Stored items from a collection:

::::::::::

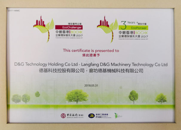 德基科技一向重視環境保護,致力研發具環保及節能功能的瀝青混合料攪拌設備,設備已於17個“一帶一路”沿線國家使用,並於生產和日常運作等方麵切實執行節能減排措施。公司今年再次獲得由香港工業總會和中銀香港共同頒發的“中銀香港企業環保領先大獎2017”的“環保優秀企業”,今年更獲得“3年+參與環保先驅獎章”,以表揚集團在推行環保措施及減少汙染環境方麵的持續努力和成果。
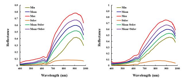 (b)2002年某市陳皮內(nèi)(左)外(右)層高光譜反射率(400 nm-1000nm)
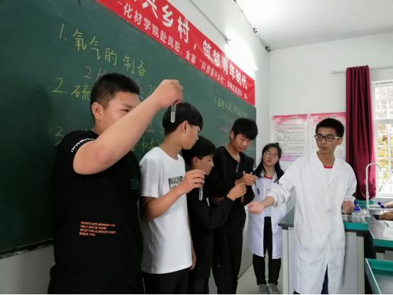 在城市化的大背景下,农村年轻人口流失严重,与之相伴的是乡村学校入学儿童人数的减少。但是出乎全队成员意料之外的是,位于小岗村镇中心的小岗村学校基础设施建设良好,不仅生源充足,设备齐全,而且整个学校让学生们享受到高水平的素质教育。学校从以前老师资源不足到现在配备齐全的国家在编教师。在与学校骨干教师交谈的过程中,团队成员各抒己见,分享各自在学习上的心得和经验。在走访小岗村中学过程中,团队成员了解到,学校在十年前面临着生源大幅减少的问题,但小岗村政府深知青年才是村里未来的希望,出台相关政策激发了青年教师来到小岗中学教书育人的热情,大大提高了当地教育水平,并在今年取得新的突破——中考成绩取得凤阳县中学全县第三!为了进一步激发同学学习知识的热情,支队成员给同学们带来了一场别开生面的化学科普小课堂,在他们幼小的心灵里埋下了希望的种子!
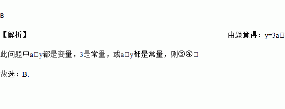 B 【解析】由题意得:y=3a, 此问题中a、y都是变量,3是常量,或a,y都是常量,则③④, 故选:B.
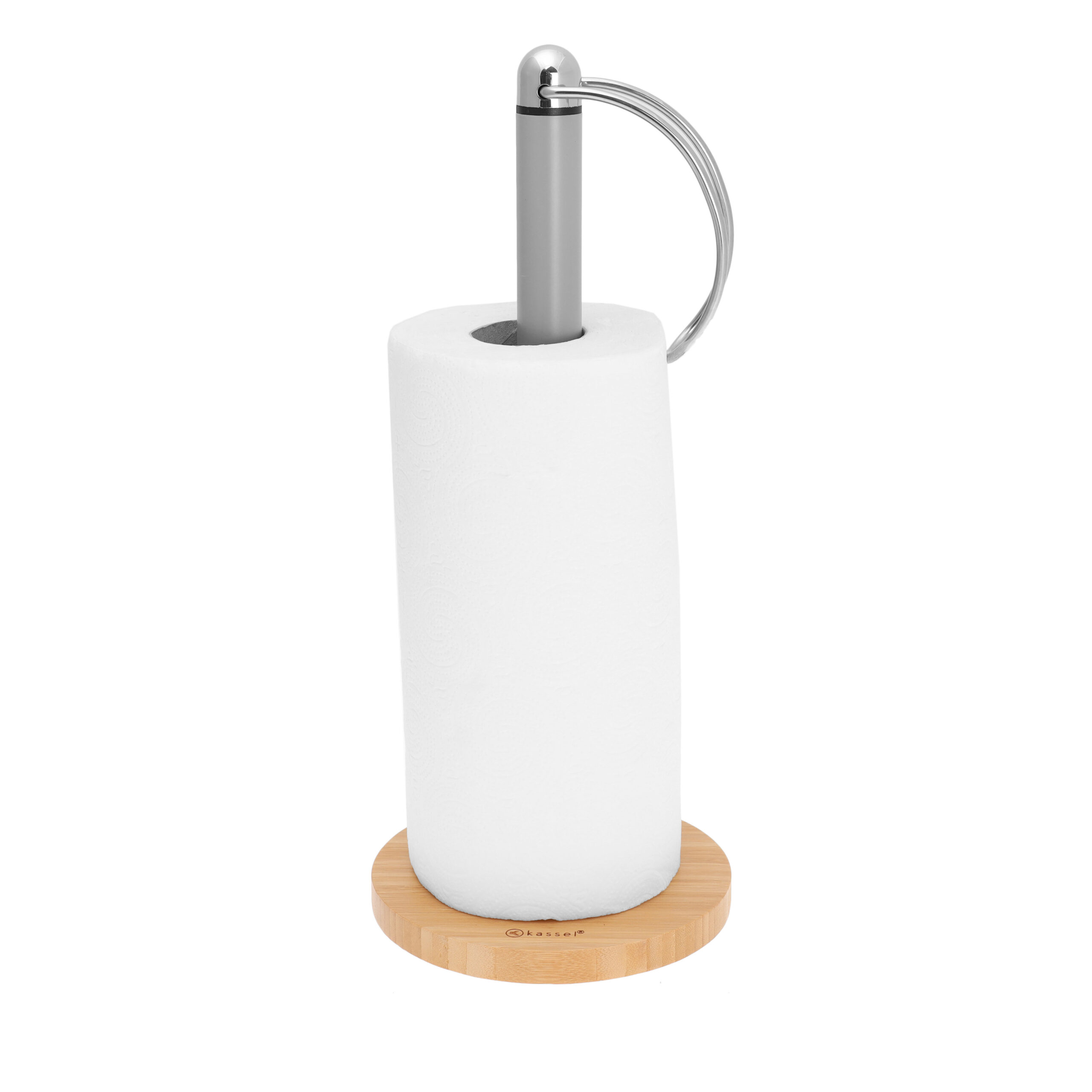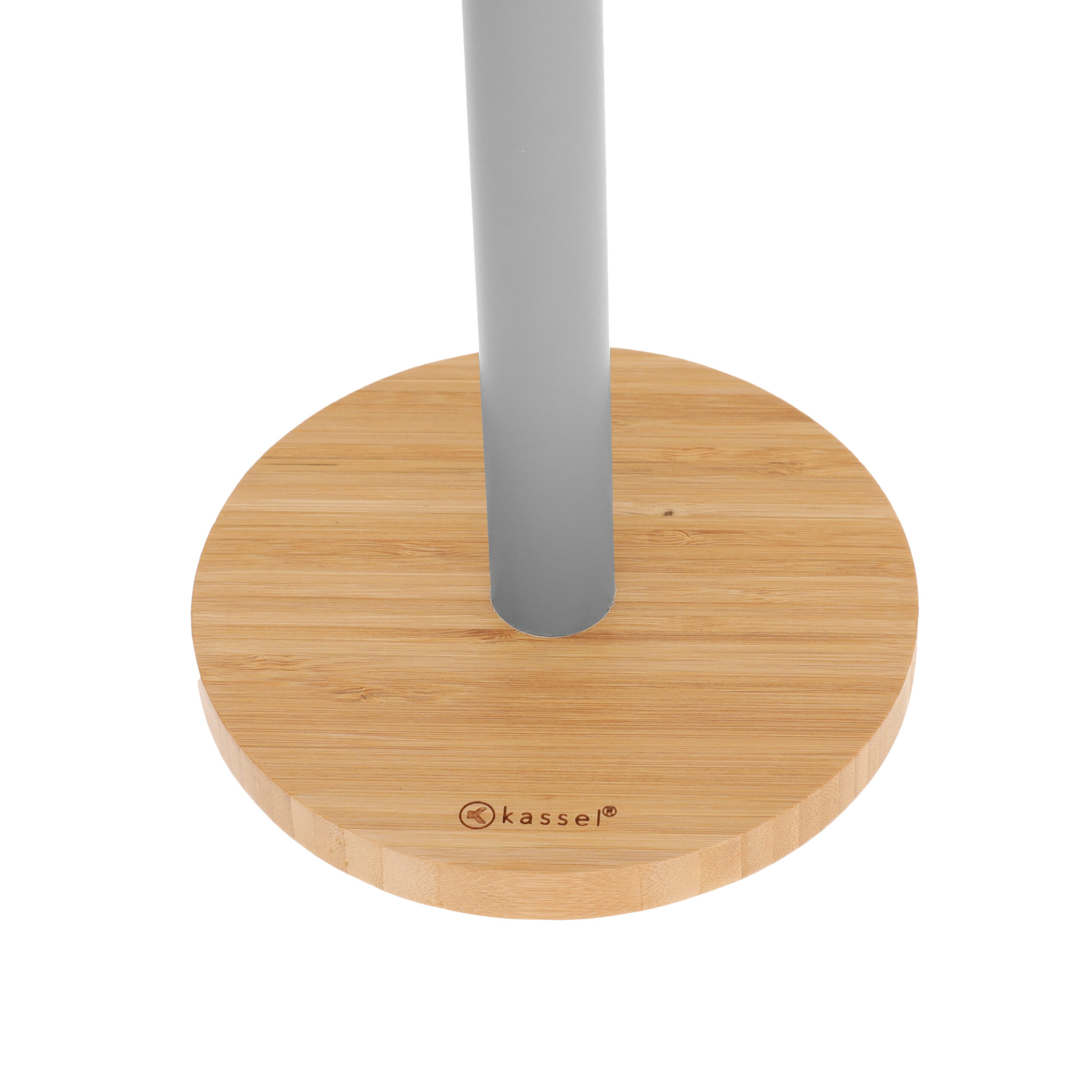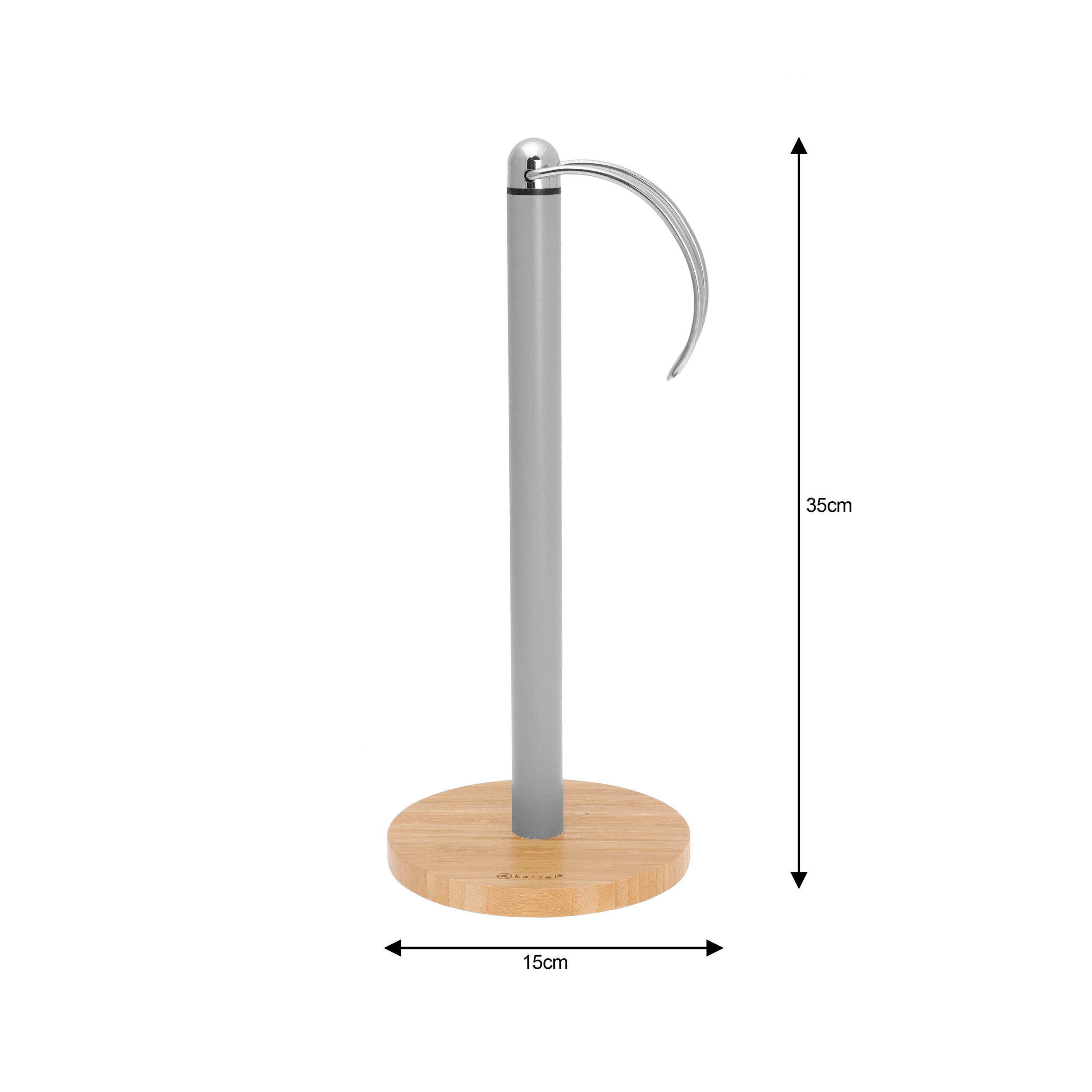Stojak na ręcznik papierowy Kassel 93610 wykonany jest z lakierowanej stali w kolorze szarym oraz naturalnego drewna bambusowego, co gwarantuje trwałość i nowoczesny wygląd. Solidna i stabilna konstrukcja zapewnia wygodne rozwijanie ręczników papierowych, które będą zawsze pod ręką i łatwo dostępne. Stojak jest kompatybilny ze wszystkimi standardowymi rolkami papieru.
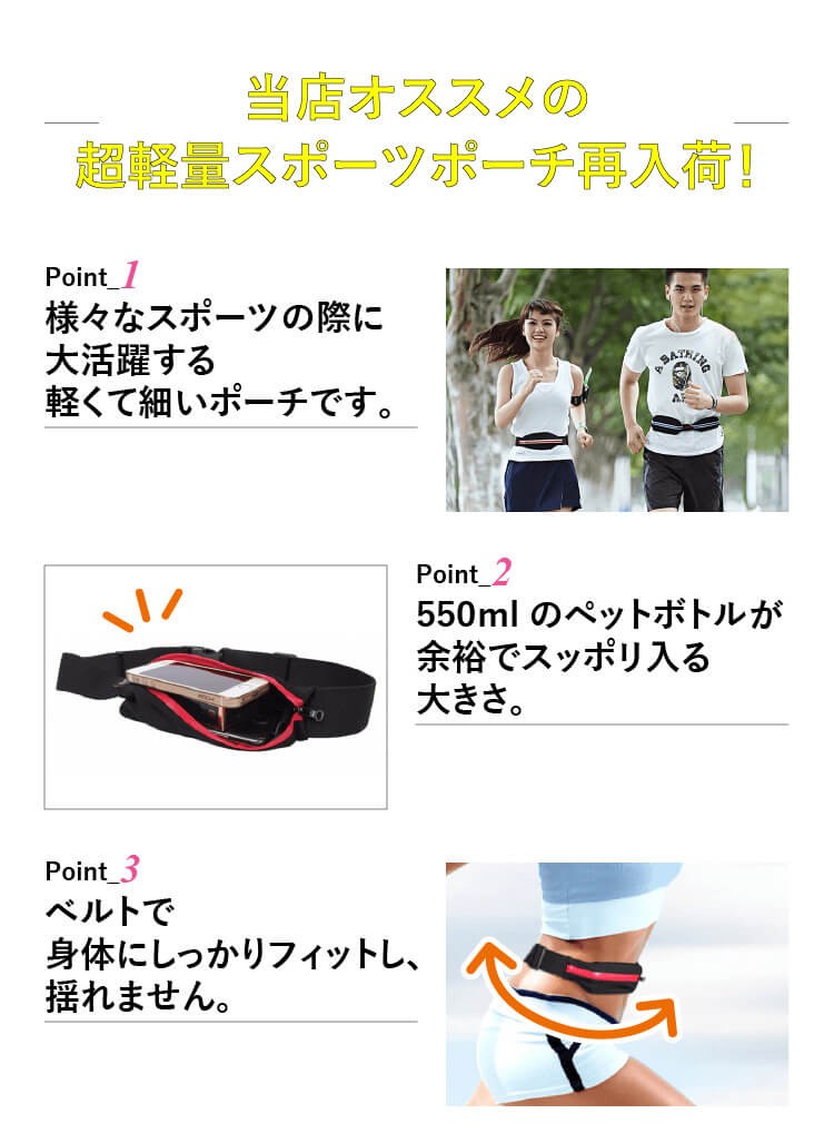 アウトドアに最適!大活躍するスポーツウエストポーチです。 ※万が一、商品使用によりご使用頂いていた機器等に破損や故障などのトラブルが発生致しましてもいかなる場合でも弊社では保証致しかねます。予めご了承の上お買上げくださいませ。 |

::::::::::

The lines to be transcribed are those from the first line of the data above through the line holding "B 【解析】由题意得:y=3a, 此问题中a、y都是变量,3是常量,或a,y都是常量,则③④, 故选:B.", inclusive; copy them exactly and only, leaving out the pictures.

 德基科技一向重視環境保護,致力研發具環保及節能功能的瀝青混合料攪拌設備,設備已於17個“一帶一路”沿線國家使用,並於生產和日常運作等方麵切實執行節能減排措施。公司今年再次獲得由香港工業總會和中銀香港共同頒發的“中銀香港企業環保領先大獎2017”的“環保優秀企業”,今年更獲得“3年+參與環保先驅獎章”,以表揚集團在推行環保措施及減少汙染環境方麵的持續努力和成果。
 (b)2002年某市陳皮內(nèi)(左)外(右)層高光譜反射率(400 nm-1000nm)
 在城市化的大背景下,农村年轻人口流失严重,与之相伴的是乡村学校入学儿童人数的减少。但是出乎全队成员意料之外的是,位于小岗村镇中心的小岗村学校基础设施建设良好,不仅生源充足,设备齐全,而且整个学校让学生们享受到高水平的素质教育。学校从以前老师资源不足到现在配备齐全的国家在编教师。在与学校骨干教师交谈的过程中,团队成员各抒己见,分享各自在学习上的心得和经验。在走访小岗村中学过程中,团队成员了解到,学校在十年前面临着生源大幅减少的问题,但小岗村政府深知青年才是村里未来的希望,出台相关政策激发了青年教师来到小岗中学教书育人的热情,大大提高了当地教育水平,并在今年取得新的突破——中考成绩取得凤阳县中学全县第三!为了进一步激发同学学习知识的热情,支队成员给同学们带来了一场别开生面的化学科普小课堂,在他们幼小的心灵里埋下了希望的种子!
 B 【解析】由题意得:y=3a, 此问题中a、y都是变量,3是常量,或a,y都是常量,则③④, 故选:B.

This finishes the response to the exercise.